Our needs drive us to connect with other people.

In times of adversity, when the future is uncertain, we cling to what we know. It’s impossible to survive if we’re holding on to inconsequential, unimportant frivolities. Abstract ideas don’t sustain us; fulfillment of imminent needs does. In desperation, we clutch what we value most.

On a superficial level, we need sleep, food, and activity. Beyond those, we may find what we value to be surprisingly different than what we expected. But many times, we realize we most deeply value the essential things of life, like our ambitions and the people we spend our lives with.

Here’s an example:

If you were to go backpacking on a wilderness trail in the mountains, far from civilization, you’d pack the food and supplies needed to survive in the wild. But if something hazardous occurred, such as a water filter breaking or food falling out of your pack over a cliff, your survival would be threatened. Your resources are limited, unless you’re the Chuck Norris of wilderness experts who can take anything and fashion some handy improvised solution.

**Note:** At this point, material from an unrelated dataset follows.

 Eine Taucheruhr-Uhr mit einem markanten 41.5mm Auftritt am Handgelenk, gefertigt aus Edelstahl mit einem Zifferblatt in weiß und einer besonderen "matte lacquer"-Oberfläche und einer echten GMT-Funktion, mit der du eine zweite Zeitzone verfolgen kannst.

To survive, you’d need help outside of yourself. Your needs for food or means of warmth or pure water would drive you to seek a solution beyond your own capacity.

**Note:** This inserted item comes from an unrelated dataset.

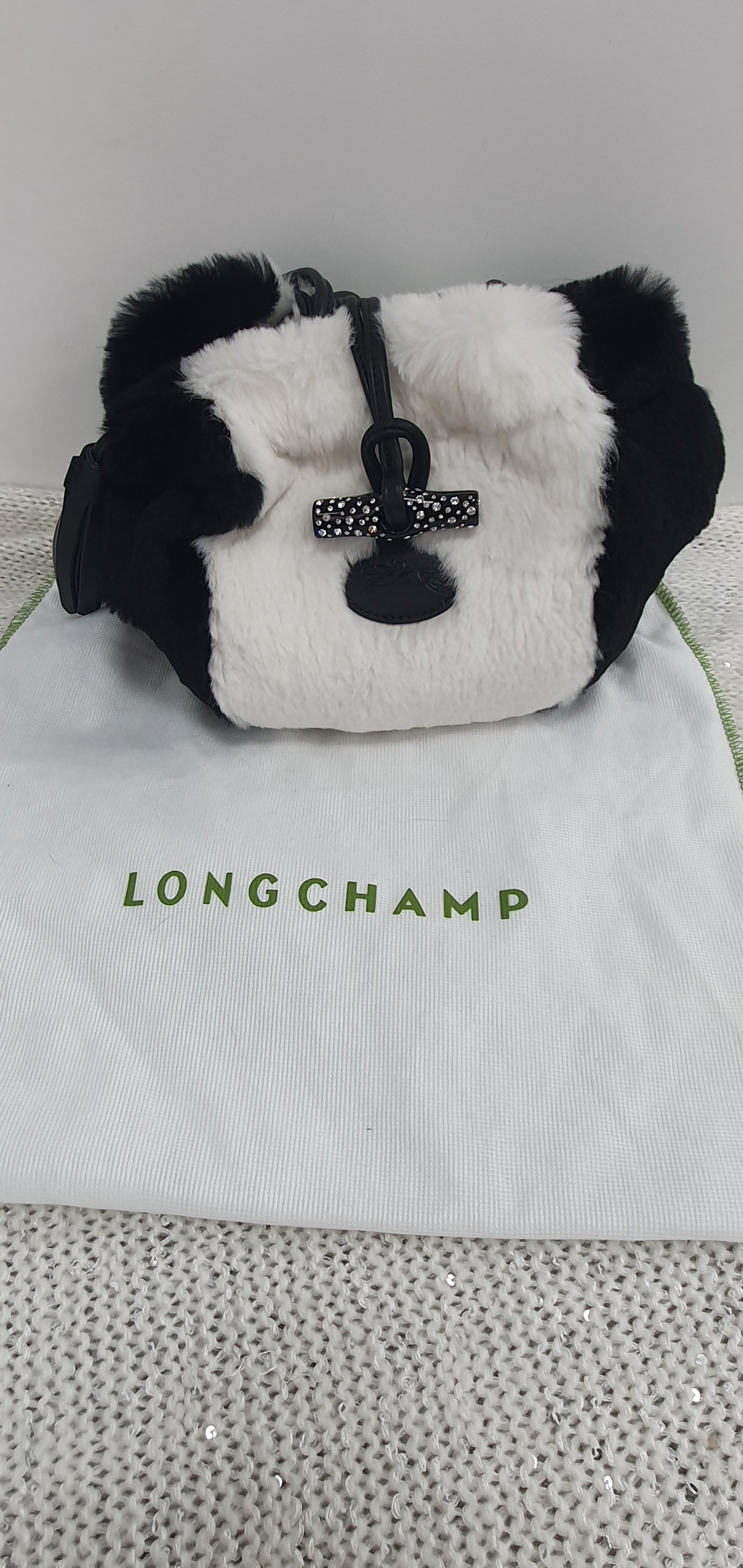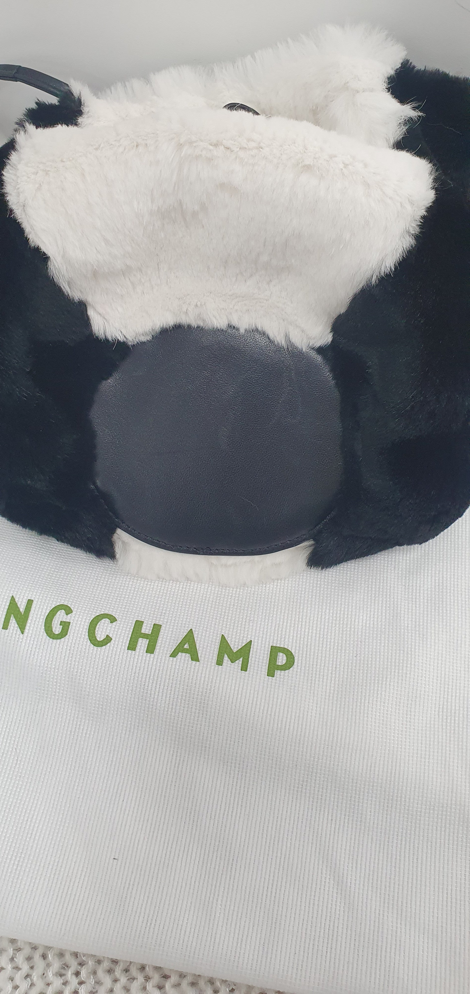 Magnifique sac à main en cuir avec fourrure de lapin noir et blanc. Fermoir en cristaux Swarovski.

If you came across a camp of other backpackers in the wilderness, in your fragile state, you’d seek their help. Your needs would propel you to ask them for supplies or food, or dry clothes, or whatever it is you lacked.

Or, if you were stranded with a flat tire on the side of the highway, you’d be indebted to whomever stopped to help you change the tire or gave you a ride to get a new one. Or maybe you’ve even benefitted from the group of people you spend a lot of time with, because they surprised you with food or assistance when your family was in a tough spot.

Neediness drives us to other people, because we cannot survive alone.

Because humans are needy, we seek to fulfill those needs. Emotional needs, physical needs, mental needs, relational needs, and even spiritual needs each present different priorities that somehow connect in the human psyche. Needs help us realize how each part of ourselves is connected, and how we are connected to other people.

Admitting our needs is the first step to fulfilling them.

To live a healthy, balanced life, I need a good diet, exercise, meaningful ambitions to work toward, and substantial relationships. I need connection to the God who made me and designed me to live in community, giving and receiving love and seeking truth.

Other people are a primary means God uses to remind us we are broken, incomplete, but not without value. We find our value in our Maker, the identity He’s given us, and how we relate to the people around us.

God connects us to other people through the needs we have.

The band Lord Huron performs a song called “Brother,” which has some great lyrics about the strength of relationships to help us through adversity:

“Don’t turn away, don’t tell me that we’re not the same.
We face the fire together, brothers ’til the end.
Don’t run away, our time will come but not today.
I stand beside you, brother, with you ’til the end.”

Being human is about understanding our neediness and helping others deal with theirs.


How have your needs helped you connect to other people?